Excerpted records =
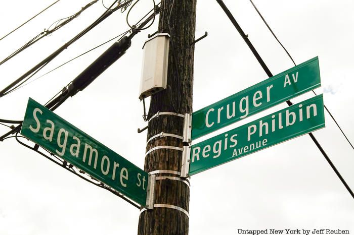 In the Bronx area of Morris Park, a street sign on Cruger Avenue between Sagamore Street and Bronxdale Avenue honors the legacy of Regis Philbin, the legendary broadcaster who passed away last Friday. Often considered the hardest working man in show business, Philbin grew up near the intersection of Cruger and Bronxdale Avenues and the street that bears his name, Regis Philbin Avenue.
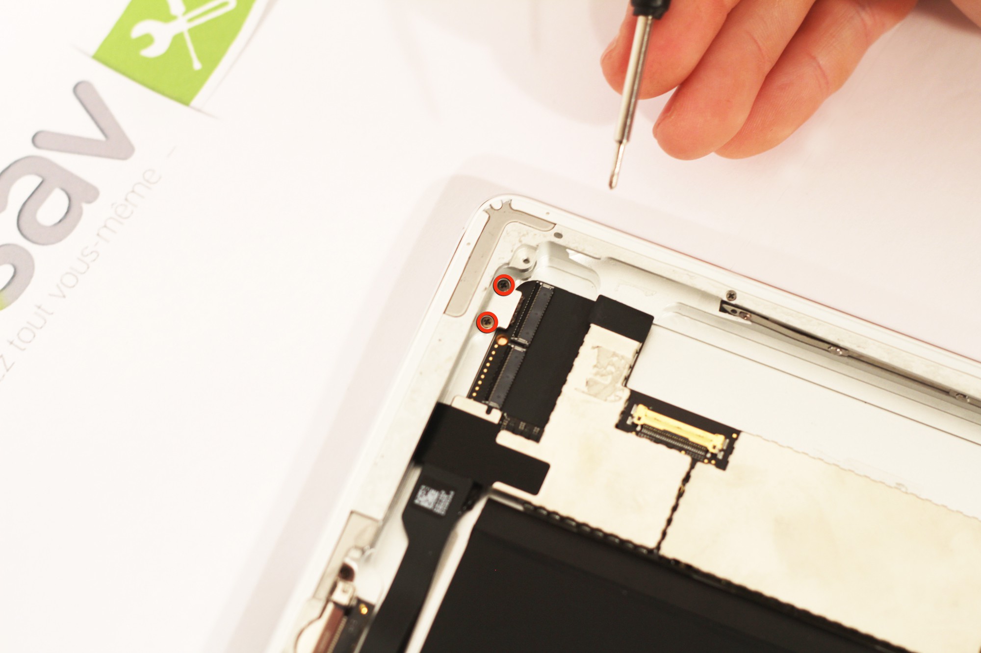 Dévissez désormais les 3 vis de 2mm entourées en rouge, retenant le lecteur SIM à la coque arrière de votre iPad 2.
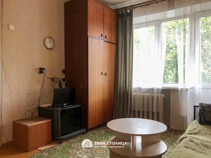 Асноўны пакой займае амаль 12 кв.м. Тут стаіць вялікая канапа, шафа, паліцы для кніг. Абстаноўка цалкам прыдатная для жыцця — тут зроблены еўрарамонт, але даволі акуратны.
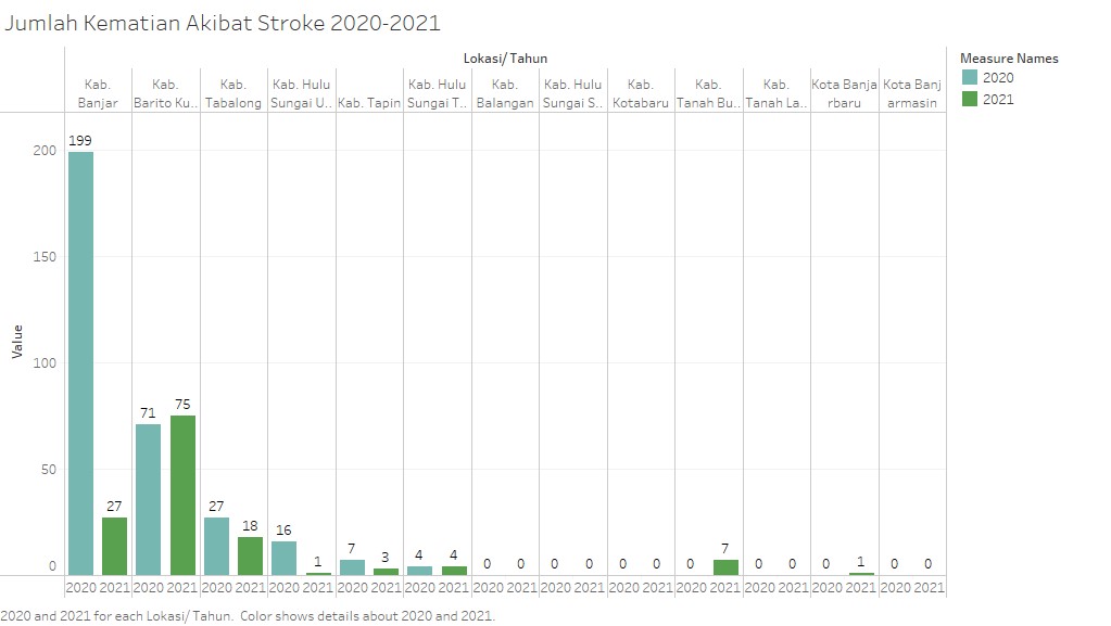 Data jumlah penderita stroke di Provinsi Kalimantan Selatan didokumentasikan melalui tabel dan format Excel, tersedia di Satu Data Indonesia. Angka-angka pada data unduhan bervariasi dan terdapat kekosongan sehingga menyulitkan interpretasi dan analisis. Untuk mengatasi masalah tersebut, peneliti menggunakan metode Eksploratory Data Analysis (EDA) dengan bantuan software Tableau. Visualisasi data mencakup perubahan kasus baru, jumlah kematian akibat stroke, perbandingan kasus baru dan lama, total penderita stroke, dan tren kasus stroke di Kalimantan Selatan (2020-2022). Meskipun terjadi penurunan kasus baru dan kematian, beberapa daerah masih mengalami kenaikan kasus baru pada 2022, menunjukkan variasi tren. Analisis lebih lanjut diperlukan untuk memahami faktor-faktor yang mempengaruhi perubahan tersebut.Downloads
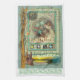 Kitchen tea towel with pale green and aqua vintage style illustration of woman with spring and Celtic images

Problem details =
Write out the whole listing exactly. Pictures stay out.

Solved problem =
 In the Bronx area of Morris Park, a street sign on Cruger Avenue between Sagamore Street and Bronxdale Avenue honors the legacy of Regis Philbin, the legendary broadcaster who passed away last Friday. Often considered the hardest working man in show business, Philbin grew up near the intersection of Cruger and Bronxdale Avenues and the street that bears his name, Regis Philbin Avenue.
 Dévissez désormais les 3 vis de 2mm entourées en rouge, retenant le lecteur SIM à la coque arrière de votre iPad 2.
 Асноўны пакой займае амаль 12 кв.м. Тут стаіць вялікая канапа, шафа, паліцы для кніг. Абстаноўка цалкам прыдатная для жыцця — тут зроблены еўрарамонт, але даволі акуратны.
 Data jumlah penderita stroke di Provinsi Kalimantan Selatan didokumentasikan melalui tabel dan format Excel, tersedia di Satu Data Indonesia. Angka-angka pada data unduhan bervariasi dan terdapat kekosongan sehingga menyulitkan interpretasi dan analisis. Untuk mengatasi masalah tersebut, peneliti menggunakan metode Eksploratory Data Analysis (EDA) dengan bantuan software Tableau. Visualisasi data mencakup perubahan kasus baru, jumlah kematian akibat stroke, perbandingan kasus baru dan lama, total penderita stroke, dan tren kasus stroke di Kalimantan Selatan (2020-2022). Meskipun terjadi penurunan kasus baru dan kematian, beberapa daerah masih mengalami kenaikan kasus baru pada 2022, menunjukkan variasi tren. Analisis lebih lanjut diperlukan untuk memahami faktor-faktor yang mempengaruhi perubahan tersebut.Downloads
 Kitchen tea towel with pale green and aqua vintage style illustration of woman with spring and Celtic images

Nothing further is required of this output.